The Theological Foundation
Why Discipline Is Not Optional
Church discipline begins with the nature of the church itself. The church is not a weekly meeting, a motivational club, or a loose association of religious consumers. The church is the body of Christ, the household of God, the flock of the Chief Shepherd, a holy people set apart for the Lord. Because the church belongs to Christ, it must care about what honors Him — and that concern is what gives discipline its theological roots.
The holiness of God. God is holy, and His people are called to reflect that holiness. 1 Peter 1:15–16 simply says, “Be ye holy; for I am holy.” If a church shrugs at open rebellion, excuses what God condemns, or acts as though repentance no longer matters, it is denying something basic about the character of the God it claims to worship. Discipline exists because holiness matters.
The lordship of Christ. Christ is Head of the church. That means membership is not merely a voluntary association on our own terms. To belong to the church is to belong to Christ and to live under His authority. Church discipline is one of the ways a congregation acknowledges that Jesus — not the individual — is Lord.
The purity of the gospel. A church does not only proclaim the gospel with its lips. It either adorns or dishonors it with its life. If a church says, “Jesus saves sinners and calls them to repentance,” but then treats ongoing, unrepentant sin as no concern at all, the church is telling a lie with its behavior. Discipline protects the visible credibility of the church’s message.
The love of the body. Discipline is not opposed to love. Properly understood, it is an expression of love. A church that never warns, never corrects, never confronts, and never calls a wandering believer back is not more loving. It is less loving. Love does not smile while a brother walks toward a cliff. Love does not cover cowardice with the language of kindness. Love tells the truth, even when the truth is hard. In the best sense, discipline is the church saying: We care too much about you, about Christ’s name, and about the truth to pretend this does not matter.
Two Senses of Church Discipline
It helps to understand that church discipline can be spoken of in two related but distinct ways.
In the broad sense, discipline is the whole ongoing training ministry of the church — preaching, teaching, discipleship, counsel, correction, encouragement, and formation. Every time a pastor preaches the Word, every time a teacher corrects error, every time a mature believer helps a younger Christian walk straight, that is discipline in the broad sense. This is the positive, ongoing shaping of a holy people, and in that sense every healthy church practices it all the time whether it uses the term or not.
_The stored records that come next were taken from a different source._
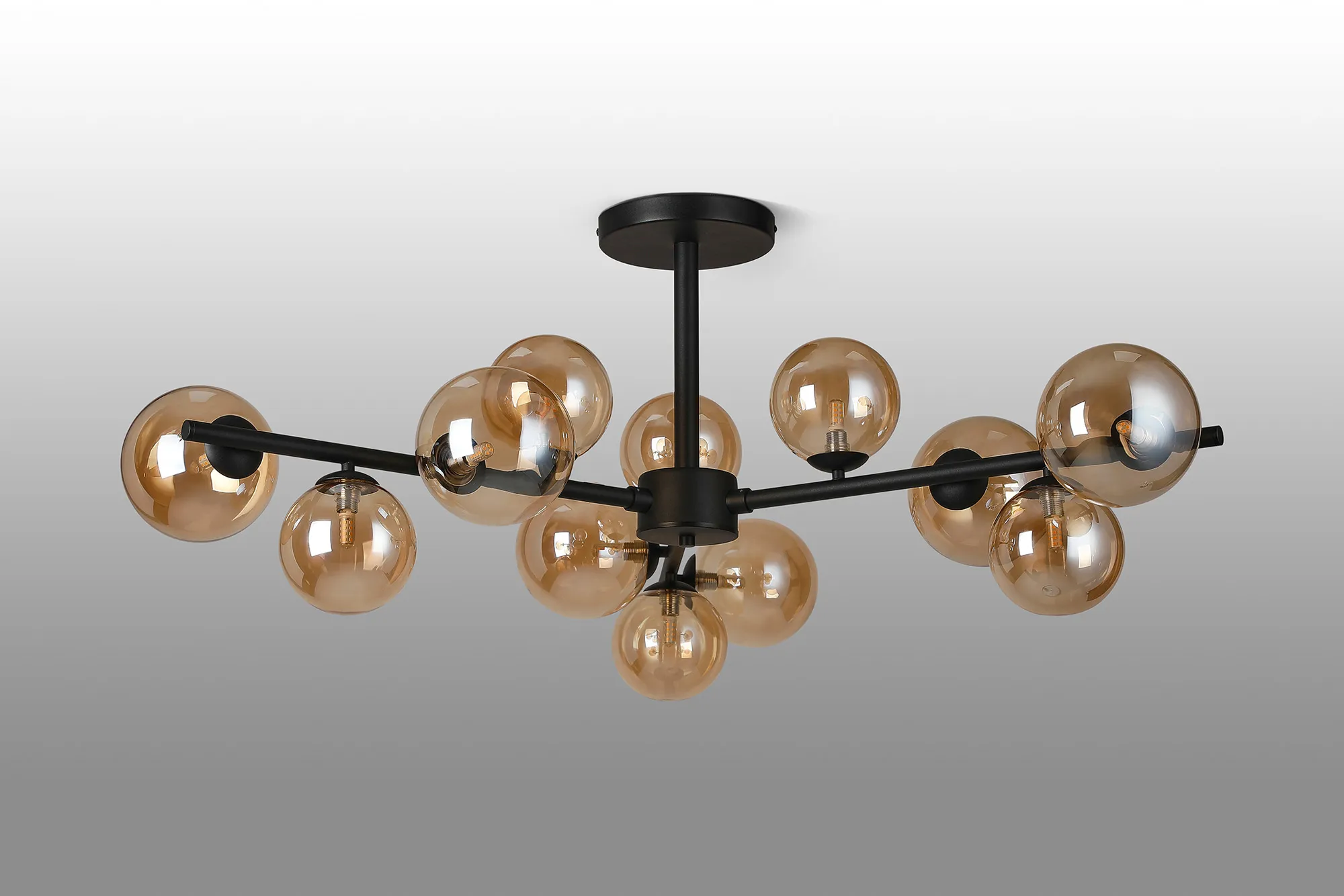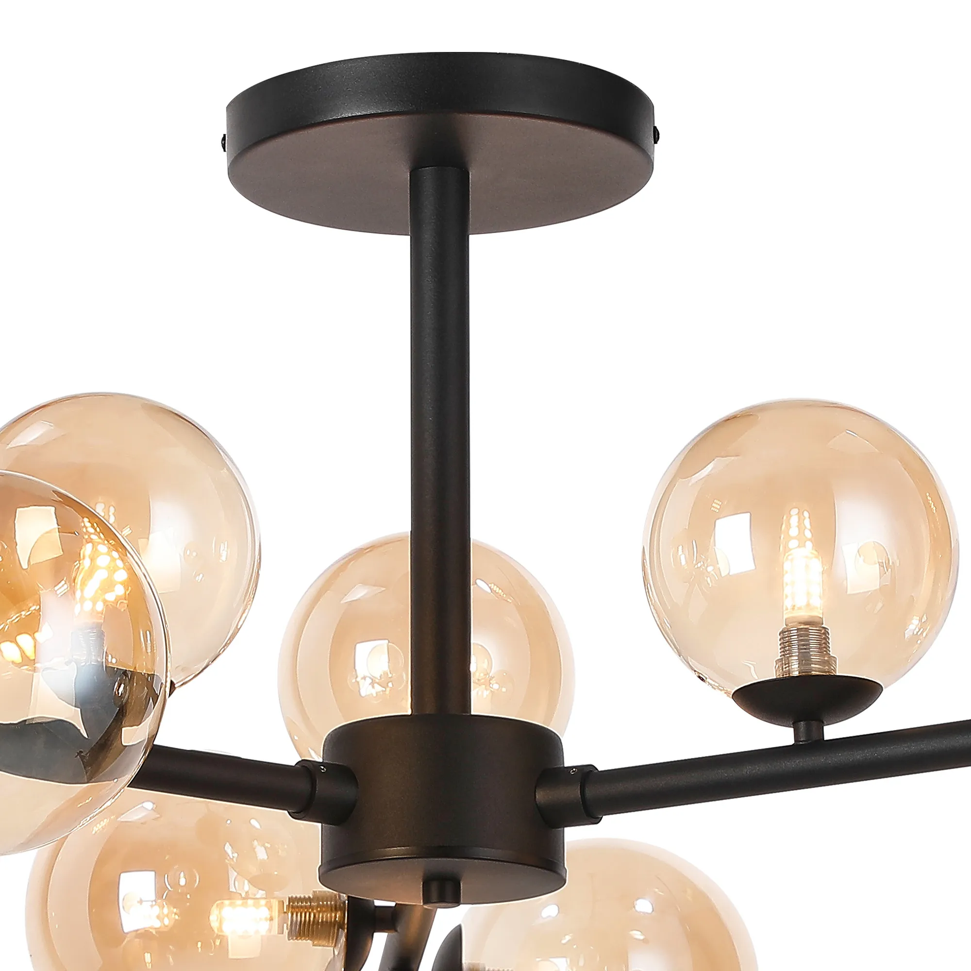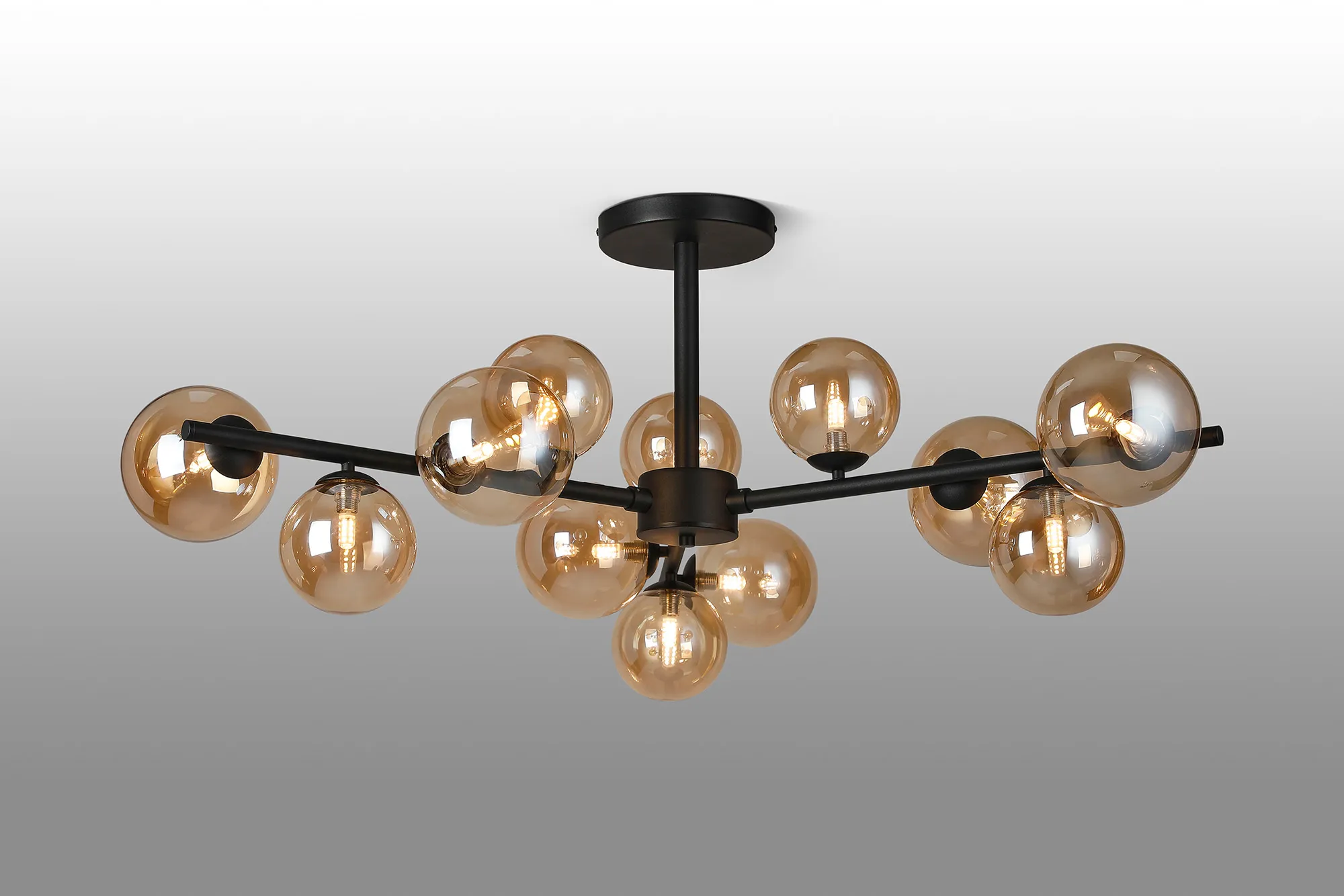 OTHER Wayburn 110cm Semi-Flush 3 Arm Ceiling Light, 12 x G9, Satin Black, Amber Plated Glass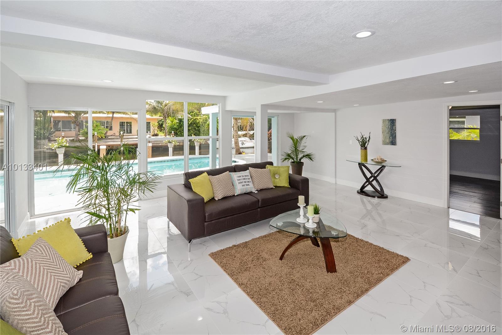 Ocean Access Home (No Fixed Bridges) - 60' waterfront on deep canal - Sailboats welcome. Totally remodeled 4 bedrooms 2 bath with gorgeous new kitchen and bathrooms. New stainless steel fridge, dishwasher and microwave. New porcelain floors throughout. The Florida Room looks out to the patio, pool area and the water and adds to the enjoyment of this home making it a great place for entertaining or just living. Fourth bedroom has a separate entrance and can be used as an office. Come out and see it today!!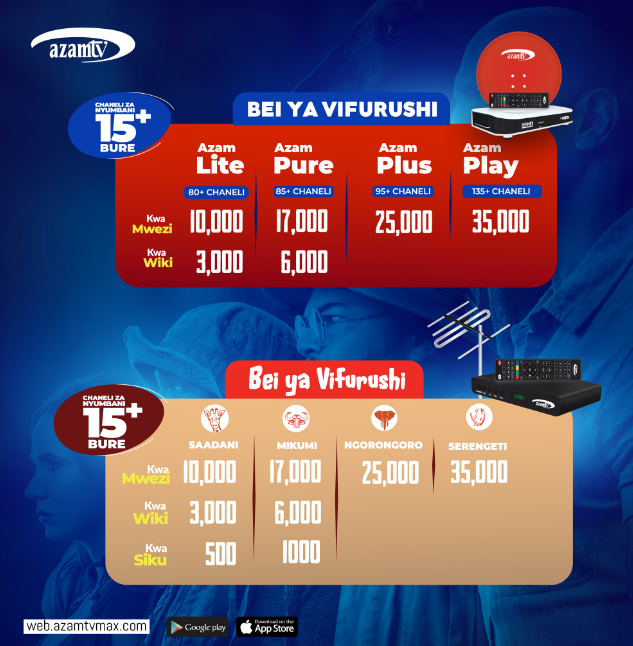 Kampuni ya Azam imetangaza mabadiliko katika vifurushi 2025, fahamu Bei za vifurushi vyetu vya Kisimbuzi cha Antenna na Dishi.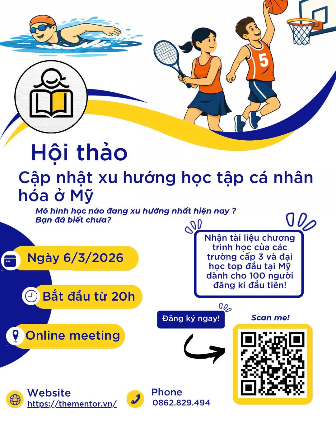 The Mentor trân trọng giới thiệu hội thảo trực tuyến “Cập nhật xu hướng học tập cá nhân hóa tại Mỹ” nhằm mang đến cho phụ huynh, học sinh và sinh viên góc nhìn rõ ràng hơn về một mô hình giáo dục linh hoạt, hiện đại và đề cao tính tự chủ.
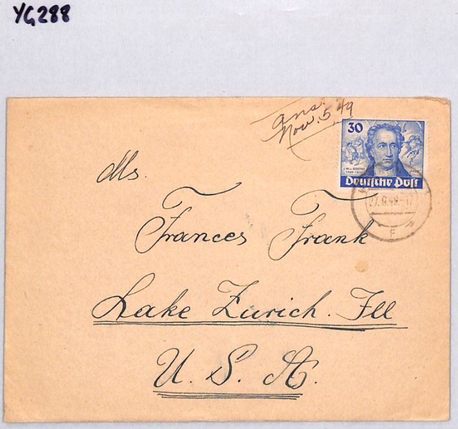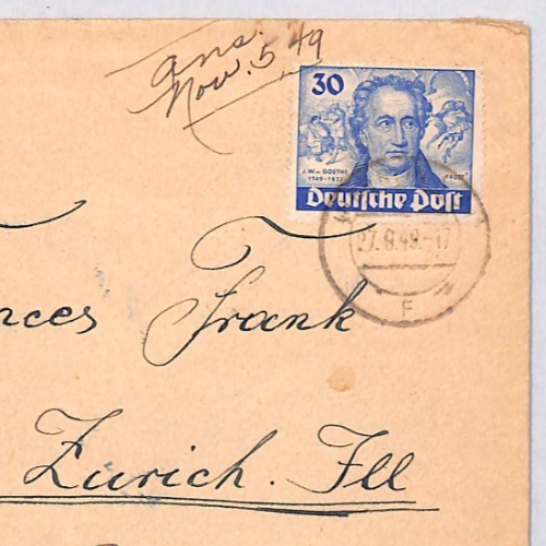 GERMANY (BERLIN) 30pf *GOETHE* Used 1949 CDS Cover USA POETRY {samwells}YG288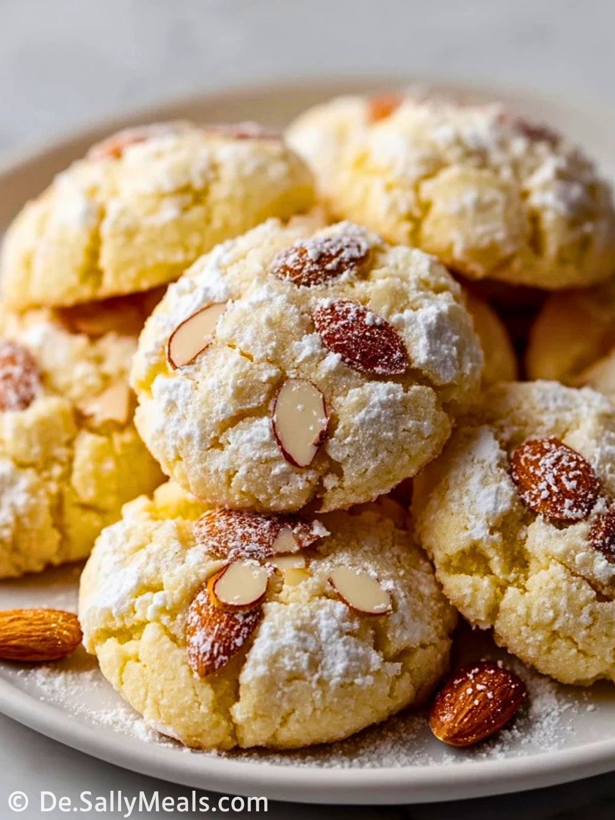 Das Schöne an diesem Rezept ist seine unkomplizierte Art. Der Teig lässt sich ohne großen Aufwand zubereiten, und trotzdem wirken die Kekse wie aus einer guten italienischen Pasticceria. Puderzucker sorgt für eine feine Süße, gehobelte Mandeln bringen Struktur und ein schönes Finish, und der Mandellikör gibt dem Ganzen eine besondere, leicht aromatische Tiefe.

In the narrower sense, church discipline refers to the formal steps taken when a professing believer persists in serious, outward, unrepentant sin — where warnings become more direct and where, if repentance does not come, the church may eventually remove someone from membership or the Lord’s Table. This is what people usually mean when they say “church discipline.” It is not the whole picture, but it is the sharp edge of it.
Keeping both senses in view matters, because formal discipline should be relatively rare in a church where broad, ordinary, loving correction is already happening all the time.
Key Biblical Passages
Matthew 18:15–17 is the classic text. Jesus lays out a clear pattern: go privately to the brother first; if he will not hear, take one or two others; if he refuses them, bring it to the church; if he still refuses, treat him as an outsider. The pattern matters. Discipline begins small, personal, and private. It does not rush to public confrontation. It seeks repentance at the lowest possible level, escalating only as necessary. It is relational, patient, and orderly — and its aim throughout is the person’s repentance, not their shame.
1 Corinthians 5 addresses a case of open sexual immorality that the church in Corinth was not only tolerating but somehow boasting about. Paul rebukes the church — not for being too strict, but for being too tolerant. His command is severe because the case is severe. He also gives one of the most important reasons for formal discipline: “A little leaven leaveneth the whole lump.” Sin tolerated without concern spreads. The body is affected. Protecting the whole congregation is part of the purpose.
Galatians 6:1 gives the spirit in which all of this must happen: “If a man be overtaken in a fault, ye which are spiritual, restore such an one in the spirit of meekness; considering thyself, lest thou also be tempted.” That word restore is the word for setting a broken bone. Firm, yes. Painful, sometimes. But healing is the aim — not crushing.
2 Thessalonians 3:6–15 speaks of withdrawing from disorderly brothers, while also saying not to count them as enemies but to admonish them as brothers. That balance matters. Discipline is not hatred. It is sober relational distance for the sake of correction, while still longing for the person’s return.
2 Corinthians 2:6–8 is widely understood as Paul urging the restoration of someone who had been formally disciplined. He tells the church to forgive and comfort the person, “lest perhaps such a one should be swallowed up with overmuch sorrow.” Discipline is not complete when someone is put out. It is complete when repentance is met with gracious restoration.
What Discipline Is For
Church discipline serves several distinct purposes, and keeping all of them in view helps prevent it from becoming a single-purpose tool.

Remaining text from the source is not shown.